- Born: 1962 (age 62–63) Newark, NJ

= Judith Eisler =

American artist

Judith Eisler (born 1962) is an artist based in Vienna, Austria and Warren, CT.

Movie Lights 3, oil on canvas, 183 x 244 cm, 2014. Original painting by Judith Eisler.

Eisler received her BFA from Cornell University in 1984. She gathers source imagery for her paintings from watching films and photographing stills from the footage. Her works typically have glossy surfaces and feature blurred imagery and light defined as substance. Descended from Pop art and Photorealism, her fluid paint-handling incorporates elements of James Rosenquist’s billboard fuzziness and Marilyn Minter’s bracing aggressiveness.
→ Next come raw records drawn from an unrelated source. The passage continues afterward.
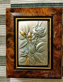 Sul coperchio è incastonata una placca sbalzata realizzata in argento 925. Il motivo raffigurato è un delicato tema floreale con rose, tipico della produzione artistica italiana degli anni '80 e '90.
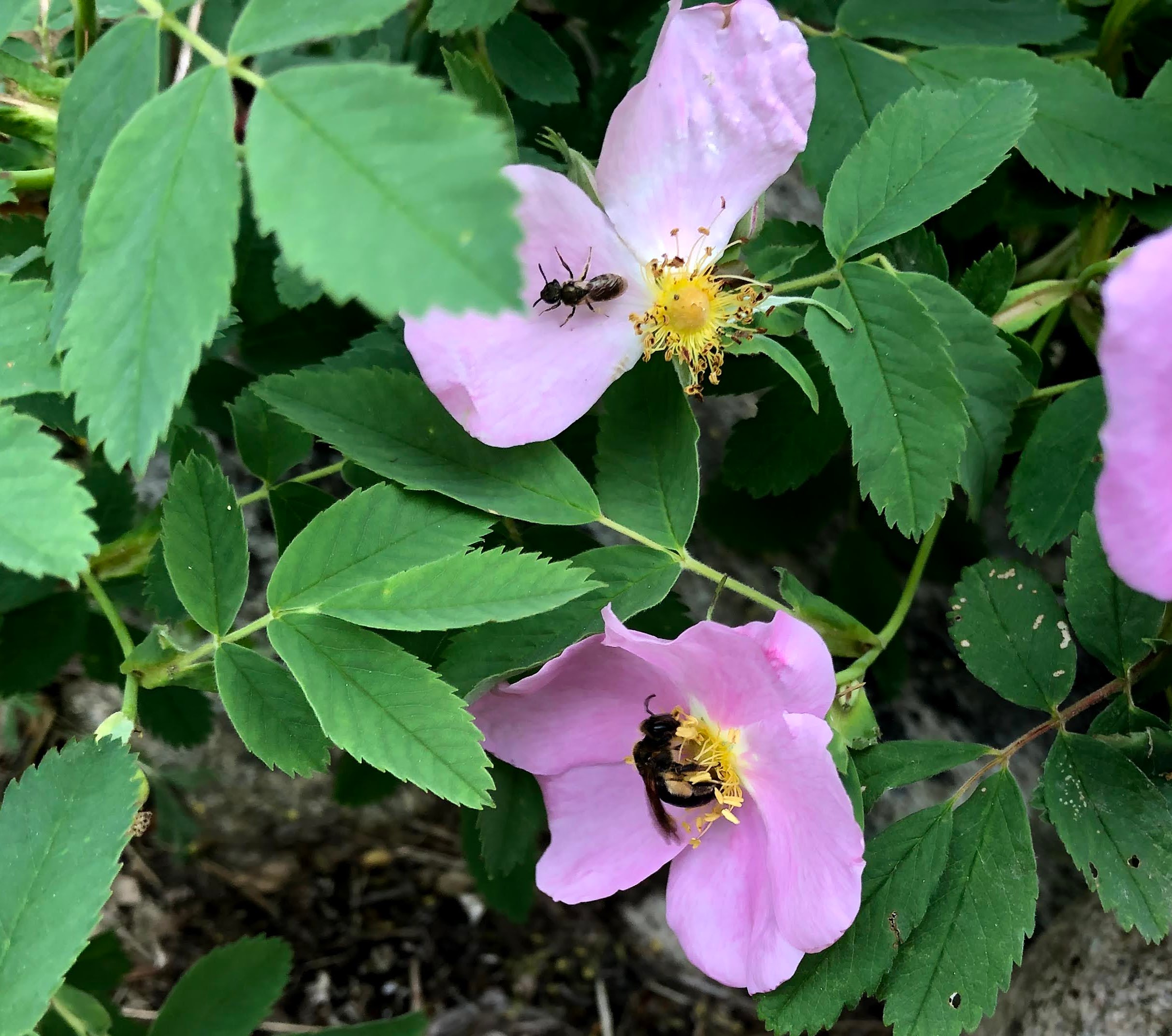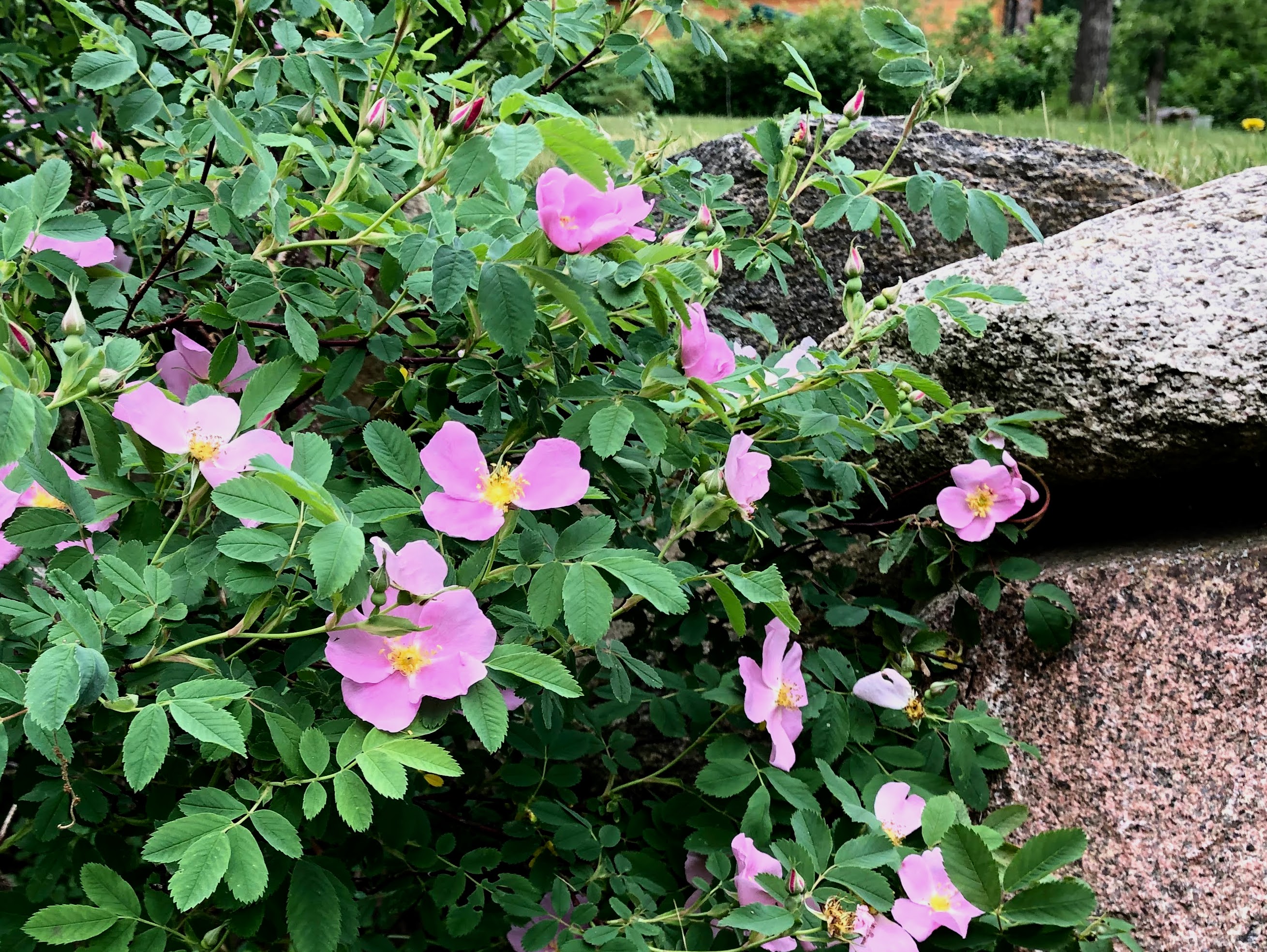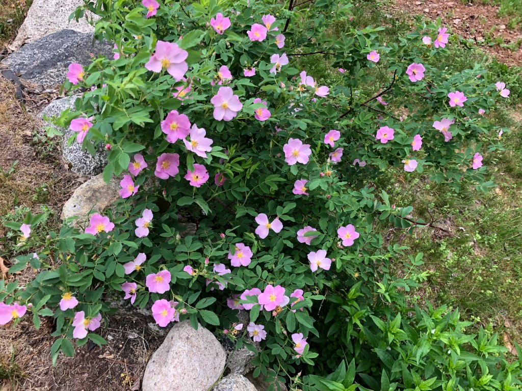 Alternatively, there are roses that grow wild in our area that thrive with very little care. The pictures below are of a wild rose bush moved from our woods to become part of our landscaping. It is most likely a Smooth Wild Rose (Rosa blanda), although it could be either of two very similar species, a Prairie Rose (Rosa arkansana) or a Wood’s Wild Rose (Rosa woodsii)
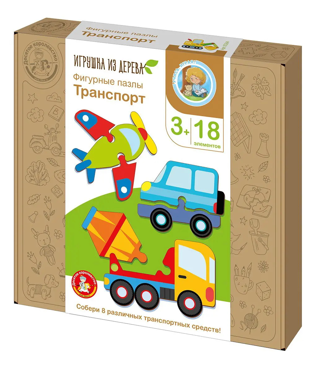 Пазлы из дерева Десятое королевство Фигурные пазлы Транспорт 18 элементов
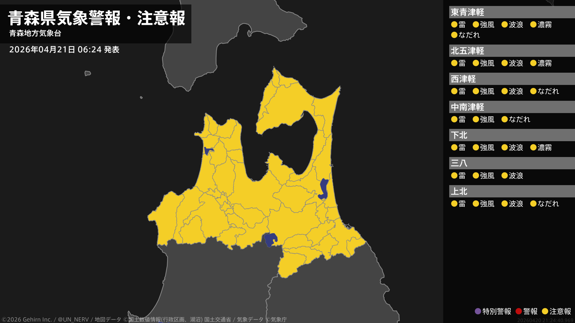 【青森県 気象警報・注意報 2026年04月20日 06:06】青森県では、20日まで空気の乾燥した状態が続くため、火の取り扱いに注意してください。津軽、三八上北では、ここしばらくなだれに注意してください。#気象警報注意報 #青森県
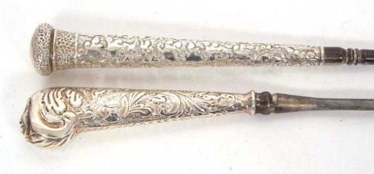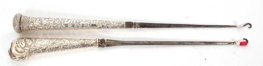 Two Victorian long handled button hooks, one with the handle in the form of a walking cane handle, chased and embossed detail and hallmarked for London 1888, makers mark J. W, 38cm long together with a pistol handled example with mask detail, chased and engraved all over with foliate scrolls etc, steel hook, London 1888, 38cm long, (2)
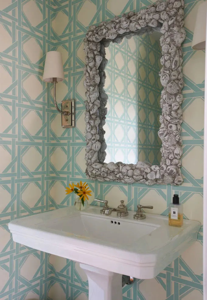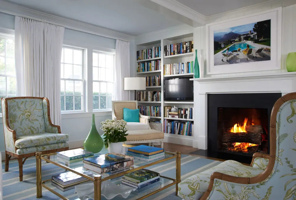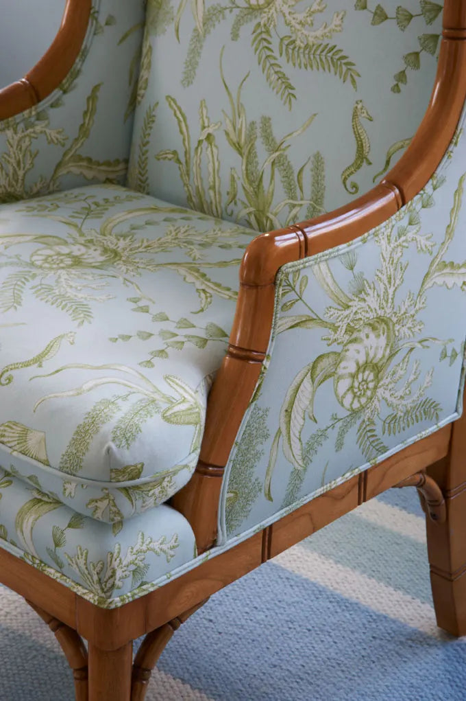 The living space off the entry is designed with a sophisticated, inviting vibe. The wool rug, the book-lined shelves, and the fireplace all create an intimate and inviting atmosphere, in any season. I particularly love the custom-size blue, sea grass, and ivory rug. It was the starting point for design for all the fabrics and textures in the room. The Jan Showers design team used a pair of faux-bamboo wing chairs, found in a vintage shop and thought looked “very Nantucket” in the best possible sense. The upholstery used in their interior design is a wonderful sea-motif toile in blues and greens. Handsome hand-thrown ceramic lamps from the 1950s lend the room a brilliant, watery iridescence. In the corner, a raffia-upholstered Louis XVI-style bergère and ottoman create an ideal spot for reading by the fire, interior design creating a tangible feeling in each room.
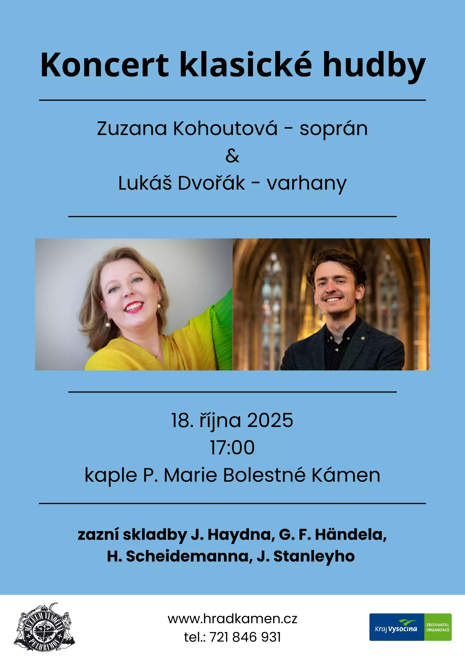 Srdečně vás zveme na mimořádný koncert klasické hudby, který se uskuteční v prostorách kaple Panny Marie Bolestné v Kámeně. V jedinečné akustice kaple zazní výběr duchovní i operní hudby v podání sopranistky Zuzany Kohoutové a varhaníka Lukáše Dvořáka – dvou výrazných osobností současné české i mezinárodní hudební scény.

Since 2009, Eisler has been a professor of painting at the University of Applied Arts Vienna (Die Angewandte), Austria.

==Collections==
- Smithsonian American Art Museum
- The National Museum for Popular Music, Norway

==Awards==
2002 - John Simon Guggenheim Fellowship

==Literature==
- Guyton, Wade, "Obscuring the Icon". Interview Magazine, March 4, 2015.
- Zhong, Fan, "Slow Motion". W Magazine, February 19, 2015.
- Steller, Jessica, "Judith Eisler: Elusive Elements of Light and Motion". Flatt Features, February, 2015.
- Garner, Ashley, "Judith Eisler: Interview". Monrowe, November 2, 2015.
- Hofleitner, Johanna, "Judith Eisler: Die Galerie als Kino". Die Presse, December 1, 2012.